The arm intrusion cover has a structure that can be inserted and removed from the cover storage portion by electric power.
In a preferred embodiment, the substrate is a mother glass for a liquid crystal panel, and one of a CVD process and a dry etching process is performed in the first substrate processing chamber and the second substrate processing chamber.
The temporary storage shelf according to the present invention is a temporary storage shelf in which a substrate can be temporarily placed by a first transfer robot and a second transfer robot provided in a clean room, and a shelf main body for storing the substrate, and the shelf main body A first opening into which the arm of the first transfer robot is inserted, and a second opening that is provided in the shelf main body and into which the arm of the second transfer robot is inserted, An arm intrusion cover for preventing the arm of the second transport robot from entering the 2 opening is disposed, and the temporary storage shelf has the second opening in a state where the second opening is closed by the arm intrusion cover. A stop switch for stopping the driving of the second transfer robot is provided.

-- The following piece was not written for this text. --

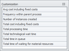 The Process statistics tab gives you an overview of the simulated processes statistical data. The process properties are displayed in the form of horizontal bars that helps to find the most expensive and longest processes easily.

According to the present invention, in the substrate processing apparatus including the first substrate processing chamber and the second substrate processing chamber, the temporary storage shelf capable of temporarily placing the substrate in the temporary storage shelf area is disposed, 2 An arm intrusion cover for preventing the arm of the transfer robot from entering is disposed. In addition, a stop switch is provided for stopping the driving of the second transfer robot in a state where the opening is closed by the arm intrusion cover. Therefore, the arm intrusion cover can prevent the arm of the second transfer robot from entering, and the driving of the second transfer robot can be stopped by turning on the stop switch with the arm intrusion cover. As a result, even when the second transfer robot is stopped (for example, during maintenance), the first transfer robot can be operated, and a reduction in productivity can be suppressed.

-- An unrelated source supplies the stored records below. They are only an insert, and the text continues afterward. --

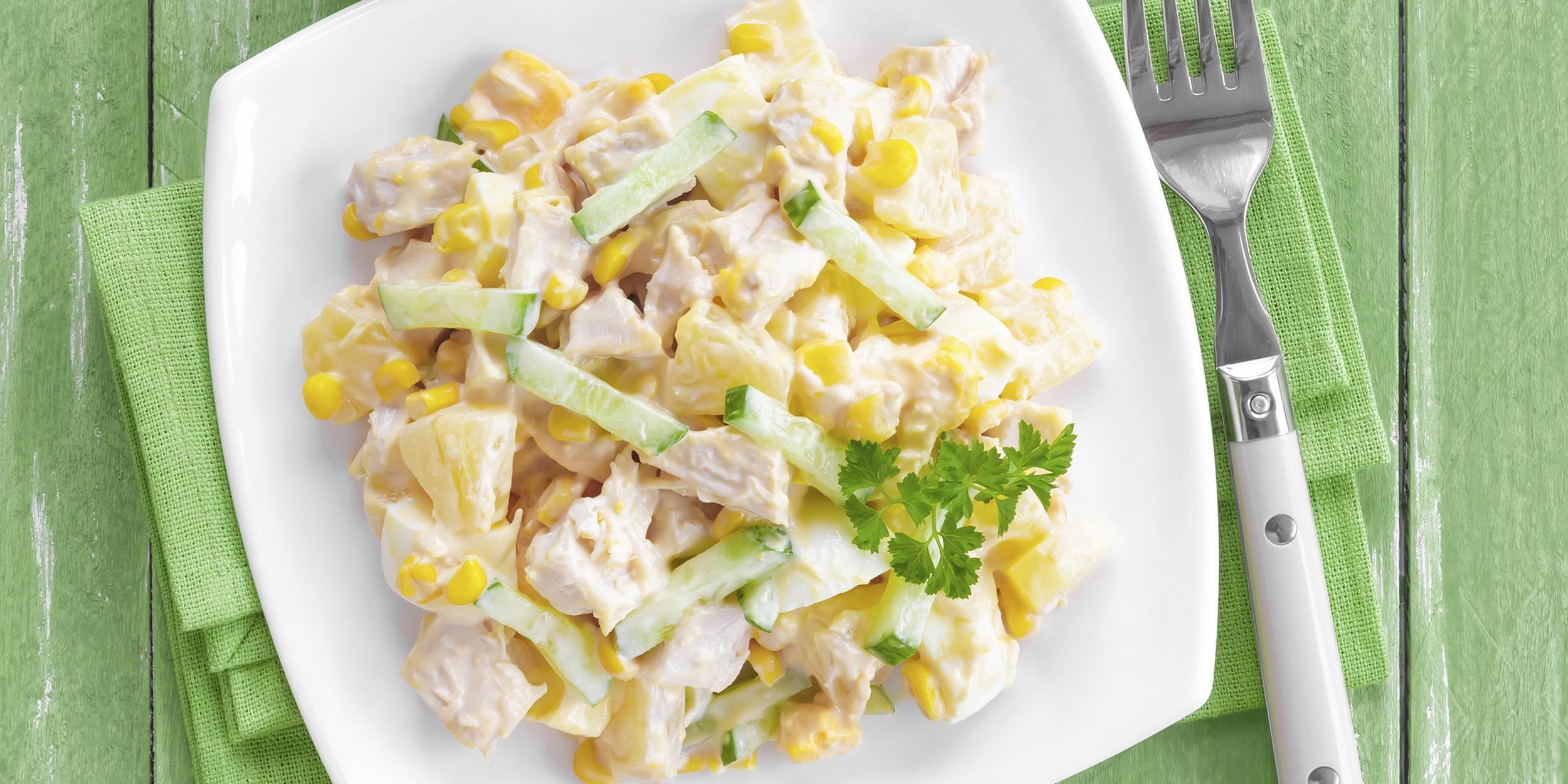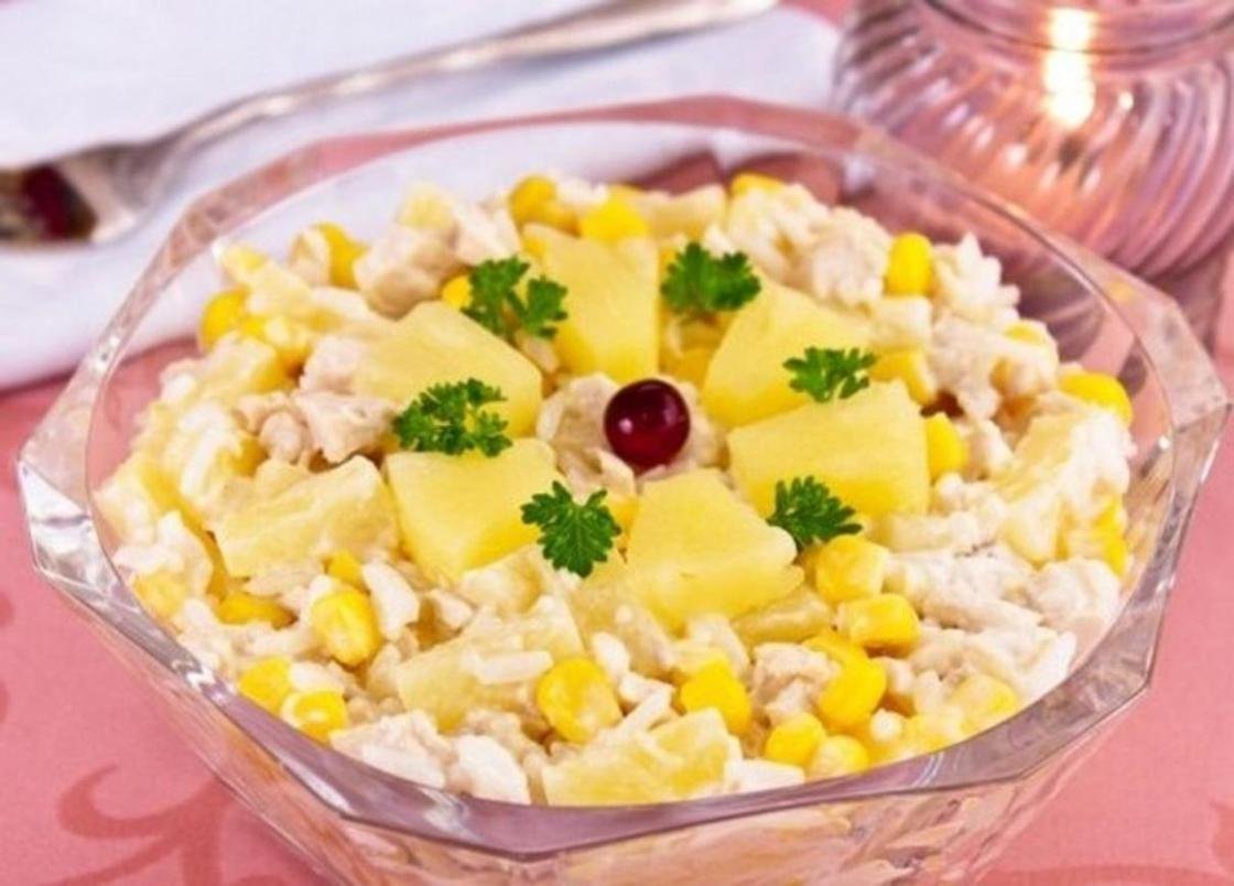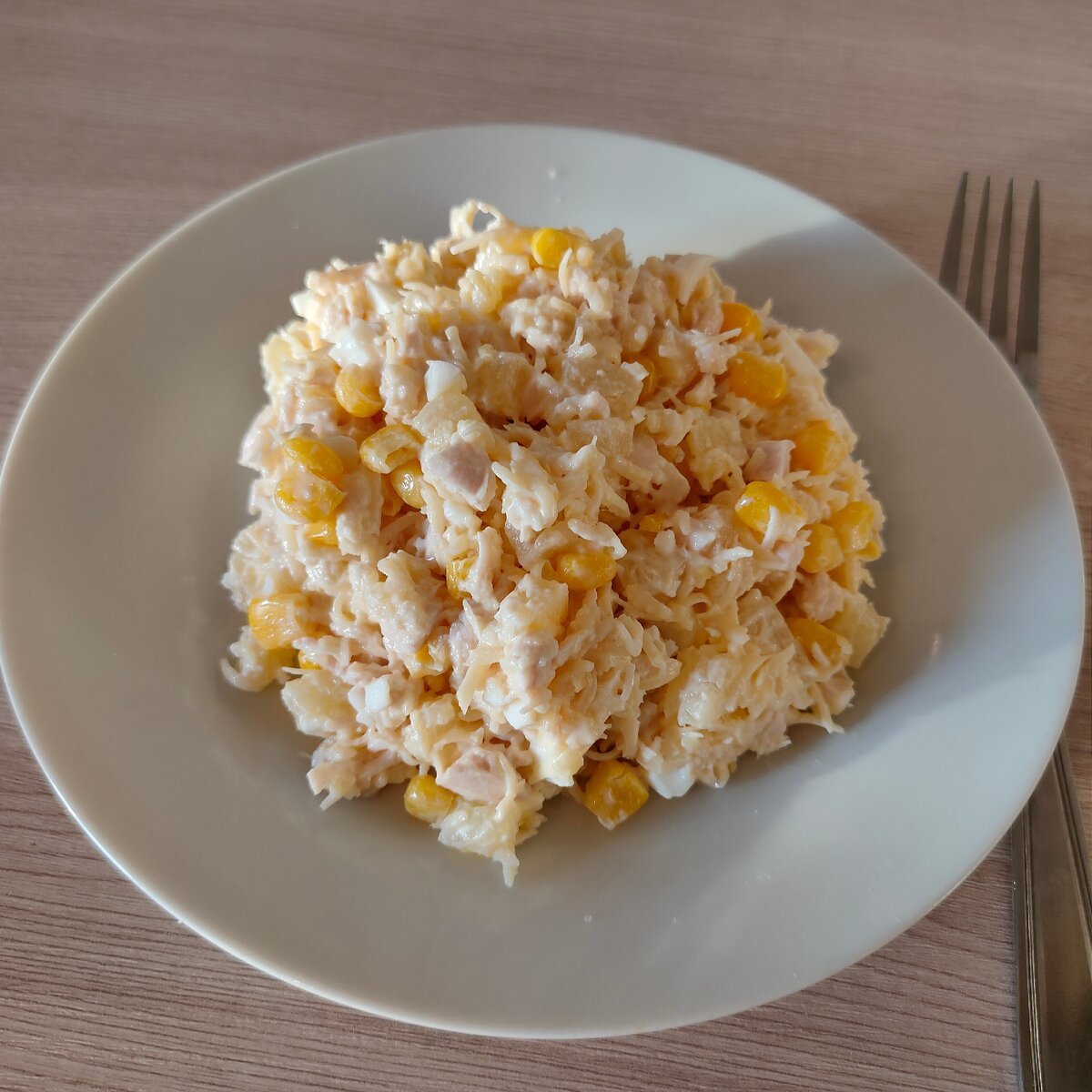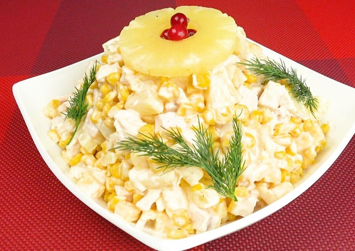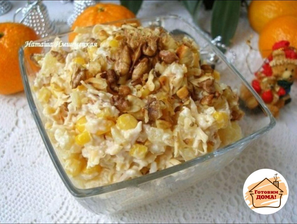 Салат из пекинской капусты с ананасом и курицей и кукурузой
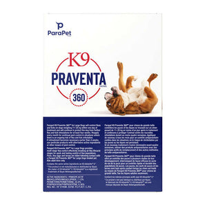 K9 Praventa 360 provides multi-stage flea control, breaking all flea life cycle stages for quick and lasting control of flea populations. Fleas, flea eggs and larvae are killed following contact with a pet treated with K9 Praventa 360.
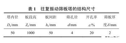 实验是在内径50 mm、有效高度1500 mm的往复筛板塔中进行,实验设备流程图见图1。塔身为玻璃材质,塔顶和塔底有沉降段,筛板在塔顶的调速直流电机通过曲轴带动筛板产生上下往复振动,振幅固定25 mm,振动频率0~1.4 Hz。筛板材质为不锈钢,不同于Karr振动筛板塔的大孔径和高开孔率,本实验采用的筛板孔径和开孔率相对较小,振动萃取段为1000 mm。萃取塔的具体结构参数见表1。

It is a figure which shows the structure of CVD apparatus 1000. FIG. It is a figure which shows the structure of the temporary storage shelf. It is a figure which shows the structure of the substrate processing apparatus 200 which concerns on embodiment of this invention. It is sectional drawing (side view) of the temporary storage shelf 100 which concerns on embodiment of this invention. It is a front view of temporary storage shelf 100 concerning an embodiment of the present invention. It is a figure which shows the substrate processing apparatus 210 which concerns on embodiment of this invention. It is sectional drawing (side view) which shows the modification of the temporary storage shelf. It is a front view which shows the example of a change of the temporary storage shelf.

Hereinafter, embodiments of the present invention will be described with reference to the drawings. In the following drawings, components having substantially the same function are denoted by the same reference numerals for the sake of brevity. In addition, this invention is not limited to the following embodiment.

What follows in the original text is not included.